_DATASET EXTRACT_
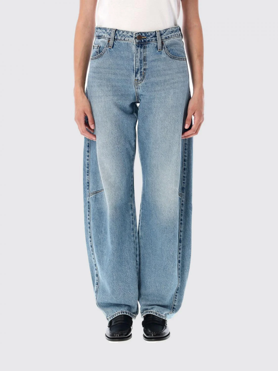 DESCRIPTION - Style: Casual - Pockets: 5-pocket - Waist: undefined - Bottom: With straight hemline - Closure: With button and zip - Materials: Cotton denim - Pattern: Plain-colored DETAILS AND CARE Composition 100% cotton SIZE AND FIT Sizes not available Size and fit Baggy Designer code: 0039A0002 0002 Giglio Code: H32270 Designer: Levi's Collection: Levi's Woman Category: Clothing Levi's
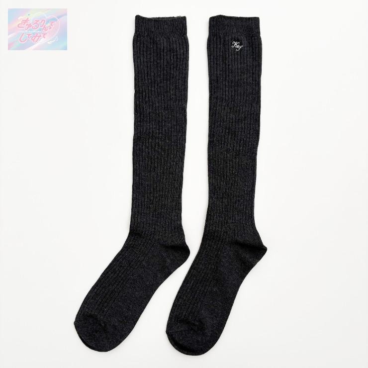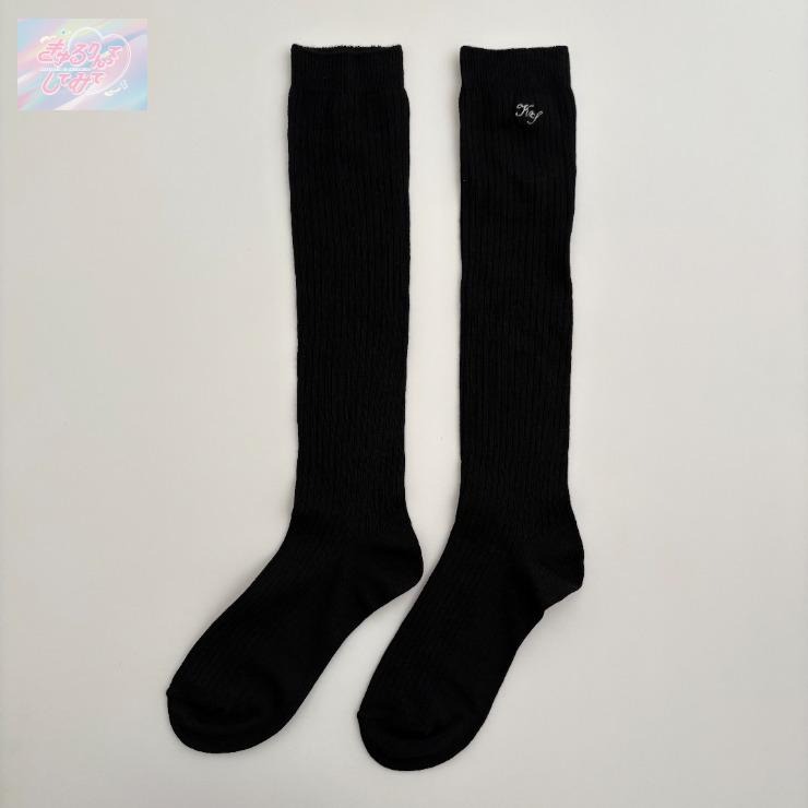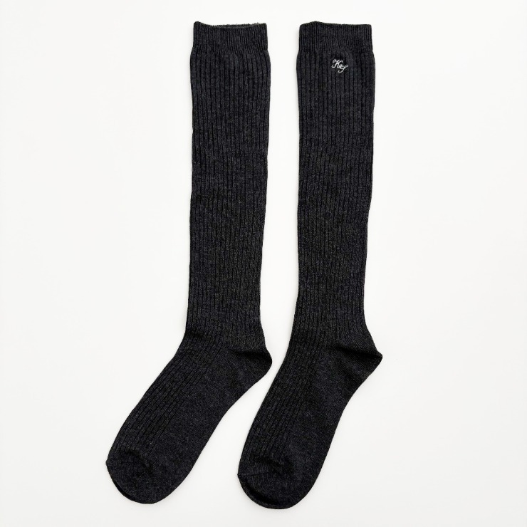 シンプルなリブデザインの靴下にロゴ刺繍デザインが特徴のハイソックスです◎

---

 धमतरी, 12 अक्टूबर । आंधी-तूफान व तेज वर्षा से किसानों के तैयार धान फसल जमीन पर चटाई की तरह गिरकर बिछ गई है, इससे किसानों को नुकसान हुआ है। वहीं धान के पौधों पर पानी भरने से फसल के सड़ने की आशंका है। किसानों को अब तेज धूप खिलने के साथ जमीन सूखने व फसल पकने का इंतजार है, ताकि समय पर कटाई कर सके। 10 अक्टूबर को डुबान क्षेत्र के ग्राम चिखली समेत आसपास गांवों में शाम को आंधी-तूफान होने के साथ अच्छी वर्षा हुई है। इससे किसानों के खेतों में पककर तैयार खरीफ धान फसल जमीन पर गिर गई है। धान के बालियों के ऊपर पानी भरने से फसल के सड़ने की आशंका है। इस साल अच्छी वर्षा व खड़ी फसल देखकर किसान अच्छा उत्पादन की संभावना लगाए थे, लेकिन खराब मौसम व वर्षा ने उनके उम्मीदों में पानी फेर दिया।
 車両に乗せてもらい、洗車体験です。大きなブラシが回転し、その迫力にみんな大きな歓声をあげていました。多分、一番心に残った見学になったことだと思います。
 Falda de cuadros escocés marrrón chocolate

_AIM OF THE TASK_
Beginning at the line above with "車両に乗せてもらい、洗車体験" and finishing at the line with "Falda de cuadros escocés marrrón chocolate", return each line exactly and return nothing else.

_FINISHED TASK_
 車両に乗せてもらい、洗車体験です。大きなブラシが回転し、その迫力にみんな大きな歓声をあげていました。多分、一番心に残った見学になったことだと思います。
 Falda de cuadros escocés marrrón chocolate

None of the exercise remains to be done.